Displacement Camp Fire Leaves Hundreds of IDPs Homeless in DRC
Several hundred homes were damaged in a fire at a displacement camp in the Democratic Republic of Congo, according to the International Organization for Migration.
The fire made around 300 families homeless, said Norwegian Refugee Council secretary-general Jan Egeland, who recently visited the camp. “They now are forced to live in crowded, improvised straw huts,” he said.
The Katanika camp shelters around 70,000 people internally displaced by inter-ethnic fighting in the DRC, which has escalated in recent months.
Some 3.9 million are displaced inside the country – the highest number in Africa – while a growing number are fleeing the country’s borders including on a risky boat journey to Uganda.
Somalis in Libya Tell Delegation They Have Suffered Too Much to Go Home Now
A Somali delegation visiting Libya to persuade Somali migrants to return found that many were reluctant to abandon their dream to reach Europe and say “they have nothing left to lose.”
There are an estimated 5,000 Somalis in Libya, among thousands of refugees and migrants hoping to take boats to Europe.
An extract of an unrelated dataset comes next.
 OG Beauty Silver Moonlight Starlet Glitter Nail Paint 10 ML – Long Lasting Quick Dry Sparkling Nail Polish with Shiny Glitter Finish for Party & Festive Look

European efforts saw boat crossings decrease last year, trapping more people in abusive conditions on land. Some 3,500 migrants have taken boats to Italy so far this year, a 62 percent drop on the same period last year.
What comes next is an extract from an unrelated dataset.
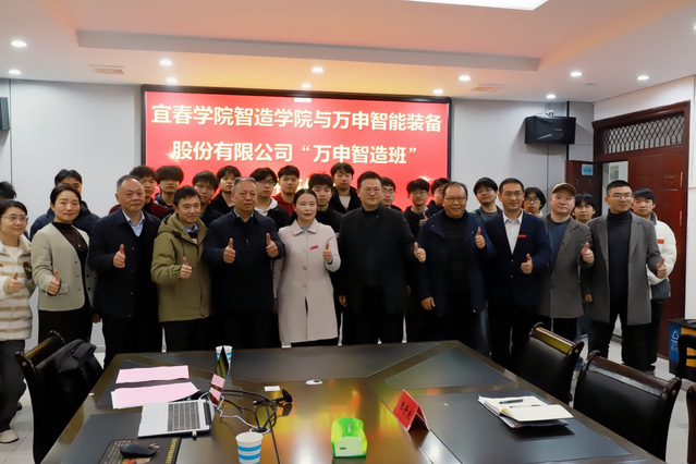 本站讯(智能制造与材料化工学院 供稿)12月18日下午,beat365官方网站与宜春万申智能装备股份有限公司(以下简称“万申智能装备”)在智能制造与材料化工学院S402会议室联合举行“万申奖学金”颁奖仪式暨“万申智造班”开班仪式。万申智能装备董事长熊洪峰、公司高管团队,beat365官方网站智造学院党委书记龙玲、药学院党委书记王霏、智造学院院长刘健平,以及两学院班子成员、教师代表、获奖学生与学生代表共同出席。仪式旨在表彰优秀学子,并正式启动校企深度合作、协同育人的“万申智造班”开班。

The E.U. has also stepped up efforts to return migrants to their home countries. So far only 11 Somalis have volunteered to return from Libya, Voice of America reports.
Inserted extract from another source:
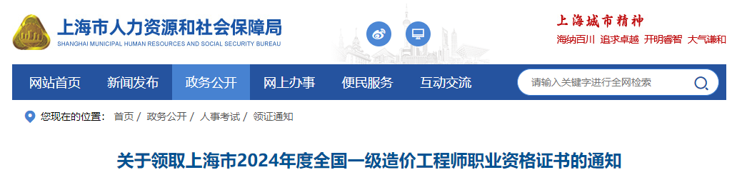 關(guān)于領(lǐng)取上海市2024年一級(jí)造價(jià)工程師職業(yè)資格證書(shū)的通知

After the horrors of their journey, many feel that they are at last close to Europe and reluctant to return at this stage, delegation member Mariam Yassin told Voice of America. “They say they have suffered enough and want to take the last chance.”
“I met this woman who said, I was here in Libya for less than two years, I spent $18,000, I’m not going back to my mum with nothing, I’m not going back,” Yassin said. She also noted that some unaccompanied children are lying about their ages so that U.N. agencies won’t contact their families and keep them from boarding boats to Europe.
‘One Day Without Us’ Rallies in U.K.
Britons held rallies around the U.K. in support of migrants for the second annual “One Day Without Us” campaign.
The idea was born in the wake of the Brexit vote in 2016, to highlight the value migrants bring to society and the economy through rallies and strikes. The U.S. held a similar “Day Without Migrants” in 2017.
Politicians and campaigners lauded the contribution of migrants to the country at the rally outside the British parliament in London, while other events were held in Birmingham and Edinburgh on February 17. “Every one of those people contributes to our society and that I think is clear despite the political messages we hear from elsewhere,” said the Green Party’s Jean Lambert.